AN ASSURED annual infusion of approximately $74 million from a new $10 surcharge on car-tag fees perished, a hit-and-run victim of the tax-reform stalemate. A last-gasp effort to have the state’s miniscule property tax (0.25 mill) dedicated to the trauma system also breathed its last. That would have involved about $20 a year for the owner of a $200,000 home — already being paid but now going into the general slush fund instead of to a specific purpose.

It’s as though a patient were wheeled in with a severed arm and the only thing the General Assembly could think to do was say, “Put the arm in the freezer until we can find a surgeon to reattach it.”

Frankly, it is hard to grasp the rationale behind House Speaker Glenn Richardson’s apparent obstinacy on this one — if he wasn’t going to get the some sort of tax cut passed then he wasn’t going to grant any sort of addition or shift in taxes/fees for trauma care.

Even supporters of tax reform can grasp the notion that cutting taxes and saving lives have nothing to do with one another. In fact, if cutting taxes means consigning others (or themselves) to doom it is likely no supporter of such a “reform” exists.
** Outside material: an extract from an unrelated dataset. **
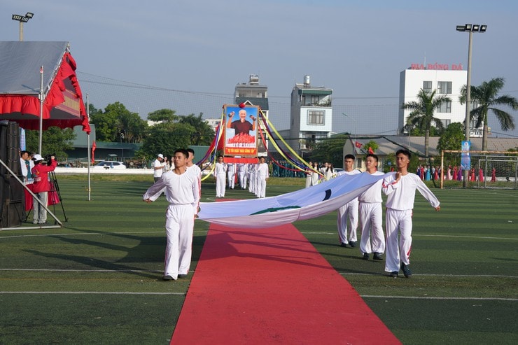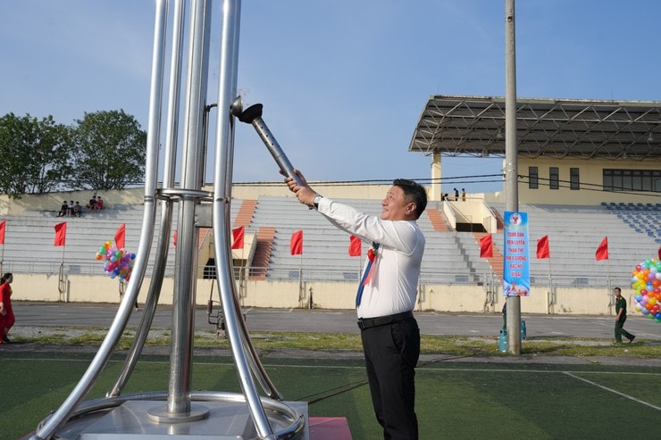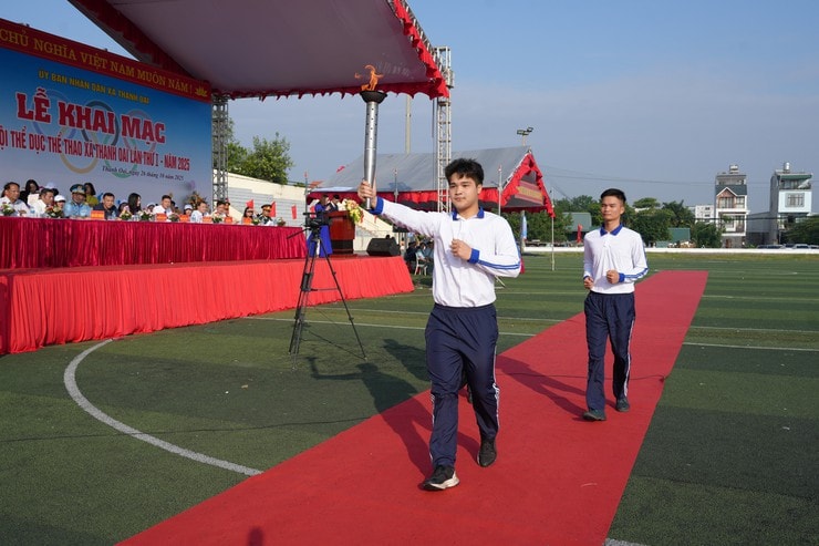Tiếp đó, vận động viên Lê Đặng Đức Việt, Huy chương vàng SEA Games 31, vinh dự cầm đuốc tiến lên lễ đài, trao ngọn lửa thiêng cho Bí thư Đảng ủy, Chủ tịch HĐND xã Bùi Hoàng Phan để thắp sáng đài lửa Đại hội.

IT’S ALREADY known that Georgia’s death rate for trauma victims is 20 percent higher than the national average and that if the state had sufficient sites and resources to just bring it up to the norm elsewhere then an estimated 700 lives a year would be saved.

“It’s a huge defeat for trauma [hospitals], but it’s also a huge defeat for every Georgian,” said Kevin Bloye of the Georgia Hospital Association. “We’re losing lives unnecessarily.” Obviously not a politician or he’d know that dead people can’t vote anyway — and that 700 wouldn’t be enough to swing most elections anyway.

OK, that’s a low blow but it’s deserved. No matter how peevish Richardson and pals might be at seeing grandiose plans for putting tax-cut proposals on the ballot in a year when they’ll all be standing for re-election, there’s no excuse of this.

Not only are the too-few trauma centers (15 in the state, only four at Level I that can deal with anything) but they’re hemorrhaging money. It’s reached the point where, for many, these 24/7 operations not only don’t pay for themselves (everybody must be treated) but the hospital profit centers can’t cover the costs.

PERHAPS IT IS easy for some legislators to turn away from offering government assistance in a life-and-death situation, but it is heart-wrenching for medical professionals to be faced with doing the same for actual human beings in dire need. And that, probably sooner than later, will be the result if this financial aspect isn’t quickly resolved.

If Georgia is really too broke to provide for such a fundamental need then it is plainly way too broke to even be talking about tax cuts. If Georgia isn’t that broke, then it must be spending a whole lot of money on the wrong things. Is luring fishing tourists more important? Are local pork projects or legislative junkets? Come to think of it, should members of the General Assembly even have a state-paid pension fund if the money going there might instead be used to pick up bleeding bodies from the side of the road?

Choices this obvious are not rocket science — heck, they’re not even political science.

Providing solid, permanent funding to at least sustain the existing trauma care (when more is obviously needed) falls into the category of what’s known as a no-brainer.

HENCE, THE ONLY politicians who would fail to do something this obvious must fall into the category of having no brains. If this were Oz, and Georgia increasingly looks like a place not in contact with reality, the Tinman would chime in: “And no heart, either!”